What the exercise asks:
Your answer must be the records, copied with no change.

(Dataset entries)
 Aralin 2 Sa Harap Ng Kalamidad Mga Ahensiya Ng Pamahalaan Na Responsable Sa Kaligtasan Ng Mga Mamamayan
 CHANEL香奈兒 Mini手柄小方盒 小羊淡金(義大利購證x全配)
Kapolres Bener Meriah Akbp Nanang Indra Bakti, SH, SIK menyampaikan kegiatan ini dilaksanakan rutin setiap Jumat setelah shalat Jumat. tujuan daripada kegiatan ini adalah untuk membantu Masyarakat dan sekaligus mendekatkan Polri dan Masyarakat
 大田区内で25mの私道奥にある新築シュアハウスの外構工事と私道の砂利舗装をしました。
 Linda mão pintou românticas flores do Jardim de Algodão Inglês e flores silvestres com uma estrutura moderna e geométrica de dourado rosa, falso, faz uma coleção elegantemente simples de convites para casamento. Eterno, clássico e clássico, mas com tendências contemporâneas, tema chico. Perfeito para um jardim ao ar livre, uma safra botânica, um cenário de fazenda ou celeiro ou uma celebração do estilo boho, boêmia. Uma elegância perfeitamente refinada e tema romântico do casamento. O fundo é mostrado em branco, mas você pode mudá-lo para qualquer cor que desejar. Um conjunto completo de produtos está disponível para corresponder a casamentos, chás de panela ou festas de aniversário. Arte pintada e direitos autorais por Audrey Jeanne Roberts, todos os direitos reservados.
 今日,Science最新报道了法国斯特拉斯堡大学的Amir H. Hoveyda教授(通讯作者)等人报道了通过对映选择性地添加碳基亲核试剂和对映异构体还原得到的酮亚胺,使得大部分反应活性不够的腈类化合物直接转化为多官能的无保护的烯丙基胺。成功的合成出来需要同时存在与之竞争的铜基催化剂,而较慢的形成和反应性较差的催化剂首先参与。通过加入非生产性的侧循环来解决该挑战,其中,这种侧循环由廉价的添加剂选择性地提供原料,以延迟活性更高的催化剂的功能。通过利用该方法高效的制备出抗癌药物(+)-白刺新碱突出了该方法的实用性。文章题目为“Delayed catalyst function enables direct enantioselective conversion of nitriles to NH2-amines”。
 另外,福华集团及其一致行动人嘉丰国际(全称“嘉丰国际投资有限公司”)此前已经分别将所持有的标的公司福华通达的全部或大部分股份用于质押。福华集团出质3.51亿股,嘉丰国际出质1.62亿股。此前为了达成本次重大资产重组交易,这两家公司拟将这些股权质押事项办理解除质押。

Your response:
 Aralin 2 Sa Harap Ng Kalamidad Mga Ahensiya Ng Pamahalaan Na Responsable Sa Kaligtasan Ng Mga Mamamayan
 CHANEL香奈兒 Mini手柄小方盒 小羊淡金(義大利購證x全配)
Kapolres Bener Meriah Akbp Nanang Indra Bakti, SH, SIK menyampaikan kegiatan ini dilaksanakan rutin setiap Jumat setelah shalat Jumat. tujuan daripada kegiatan ini adalah untuk membantu Masyarakat dan sekaligus mendekatkan Polri dan Masyarakat
 大田区内で25mの私道奥にある新築シュアハウスの外構工事と私道の砂利舗装をしました。
 Linda mão pintou românticas flores do Jardim de Algodão Inglês e flores silvestres com uma estrutura moderna e geométrica de dourado rosa, falso, faz uma coleção elegantemente simples de convites para casamento. Eterno, clássico e clássico, mas com tendências contemporâneas, tema chico. Perfeito para um jardim ao ar livre, uma safra botânica, um cenário de fazenda ou celeiro ou uma celebração do estilo boho, boêmia. Uma elegância perfeitamente refinada e tema romântico do casamento. O fundo é mostrado em branco, mas você pode mudá-lo para qualquer cor que desejar. Um conjunto completo de produtos está disponível para corresponder a casamentos, chás de panela ou festas de aniversário. Arte pintada e direitos autorais por Audrey Jeanne Roberts, todos os direitos reservados.
 今日,Science最新报道了法国斯特拉斯堡大学的Amir H. Hoveyda教授(通讯作者)等人报道了通过对映选择性地添加碳基亲核试剂和对映异构体还原得到的酮亚胺,使得大部分反应活性不够的腈类化合物直接转化为多官能的无保护的烯丙基胺。成功的合成出来需要同时存在与之竞争的铜基催化剂,而较慢的形成和反应性较差的催化剂首先参与。通过加入非生产性的侧循环来解决该挑战,其中,这种侧循环由廉价的添加剂选择性地提供原料,以延迟活性更高的催化剂的功能。通过利用该方法高效的制备出抗癌药物(+)-白刺新碱突出了该方法的实用性。文章题目为“Delayed catalyst function enables direct enantioselective conversion of nitriles to NH2-amines”。
 另外,福华集团及其一致行动人嘉丰国际(全称“嘉丰国际投资有限公司”)此前已经分别将所持有的标的公司福华通达的全部或大部分股份用于质押。福华集团出质3.51亿股,嘉丰国际出质1.62亿股。此前为了达成本次重大资产重组交易,这两家公司拟将这些股权质押事项办理解除质押。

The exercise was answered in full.